Confluence : un plan d’équipement public insuffisant et non anticipé.

Monsieur le Maire,

Cette modification n° 3 du programme des équipements publics (PEP) de Lyon Confluence que vous nous demandez d’adopter aujourd’hui ressemble, malheureusement, passablement à la précédente.

En effet, à l’image de la modification n°2, votée en septembre dernier, elle n’est pas à la hauteur des ambitions de la Confluence. Nous le savons tous depuis des années : ce quartier va accueillir 6000 habitants et 10 000 emplois supplémentaires. Alors que vous faites le choix d’une forte densification sur la ZAC 2, vous n’avez pas anticipé les besoins à venir en matière d’équipements publics de proximité. Multiplier les logements et les bureaux entraîne de facto une hausse de la population. Une population qu’il faut accueillir avec des équipements publics de proximité. Or, aujourd’hui, le compte n’y est pas. 

On se souvient, tout d’abord, que la construction de la salle associative et familiale a été abandonnée en septembre dernier alors que votre majorité, Monsieur le Maire, l’avait promise en 2014. Si le projet a bel et bien disparu, le besoin est toujours d’actualité et ne va cesser de croître avec le développement du quartier. Vous savez très bien, Monsieur le Maire, que les salles de la Garenne dans le 5e et de la Ficelle dans le 4e  ne suffisent pas, aujourd’hui, à accueillir l’ensemble des manifestations associatives d’envergure de notre agglomération. Vous savez également que l’émergence d’une vie de quartier à la Confluence ne pourra se faire qu’avec le développement des associations locales et de facto avec des équipements publics de qualité pour les accueillir. Nous avions une chance inespérée de réaliser un projet qui faisait consensus sur tous les bancs de notre assemblée et vous y avez renoncé. C’est une erreur qui va peser durablement sur le quartier.

Ensuite, sur le plan sportif, le compte n’y est pas non plus. Dans ce quartier en renaissance, où tout est à construire, à la pointe de la modernité, nous aurions dû avoir des équipements multi-activités, modulables avec des espaces transformables des jauges évolutives pour optimiser l’utilisation des volumes. Si Confluence est une vraie terre d’expérimentation dans certains domaines, en matière d’équipements publics de proximité, Confluence reste malheureusement très XXe siècle ! 

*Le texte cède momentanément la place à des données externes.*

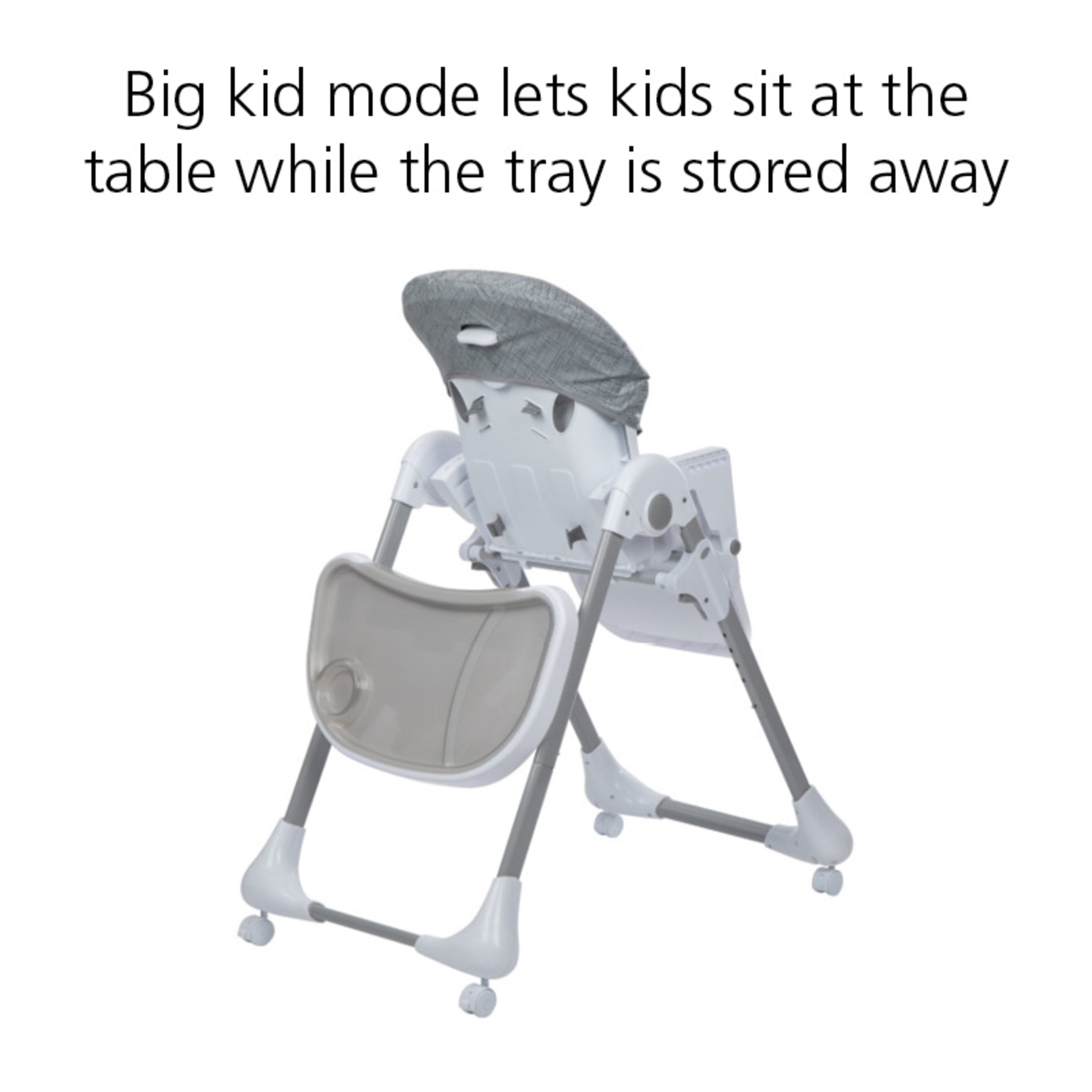 The Safety 1st Grow and GoTM 3-in-1 High Chair is a simple, yet versatile, parent’s must-have designed to grow with your little one. It can easily be used in three ways: infant recline, toddler high chair, and child seat. These 3 modes of use take your baby from their first spoonful of solid food, to starting to feed themselves, to rolling up to the grown-up table for meals with the family. The Safety 1st Grow and Go 3-in-1 High Chair creates comfort and stability as your little one gets bigger. With its 3 recline positions, 6 height positions, and the adjustable footrest, you can easily find the right fit for your kiddo’s changing stages of development. Mealtime messes are easy to clean up, too. When snacks and meals are over, quickly wipe up the mess, toss the insert tray in the dishwasher, and easily remove the seat cover for a deeper clean. When not in use, you can quickly stow the high chair or take it on the go. It folds compactly for you to store self-standing, or to take with you for the weekend at Grandma and Grandpa’s house. Wherever you are, with the Safety 1st Grow and Go 3-in-1 High Chair, you can enjoy making mealtime memories.

Mais c’est enfin sur le plan scolaire que le manque d’anticipation est sans doute le plus flagrant. À tel point que la Ville n’est même plus en capacité d’en assurer la construction et se voit obligé d’en confier la maîtrise d’ouvrage à la SPL. Pourquoi pas, mais pourquoi l’avoir fait si tardivement ? La SPL est maintenant acculée à travailler dans l’urgence. Or, on mesure encore chaque jour ce que construire dans l’urgence signifie à l’école Germaine Tillon. Les problèmes de conception et de malfaçons n’en finissent pas d’être résolus même plusieurs années après l’ouverture de l’école. Alors pourquoi sans cesse réitérer les erreurs du passé ?

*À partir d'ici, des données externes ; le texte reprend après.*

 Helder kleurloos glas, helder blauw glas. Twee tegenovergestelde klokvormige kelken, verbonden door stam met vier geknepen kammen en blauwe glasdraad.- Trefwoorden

La Confluence est devenue un quartier de référence au-delà de nos frontières lyonnaises, en matière d’architecture, d’environnement et de haute technologie. On l’a encore vu vendredi dernier avec la présentation du projet H7, projet pour lequel nos collectivités ont trouvé des moyens financiers considérables, 13,50 M€. Une participation colossale par rapport à ce qui se fait aujourd’hui à travers le monde. Cependant, nous devons faire en sorte que ce quartier soit viable et vivable pour ces futurs habitants. Confluence n’a pas vocation à être seulement la vitrine de notre Ville et de notre Métropole.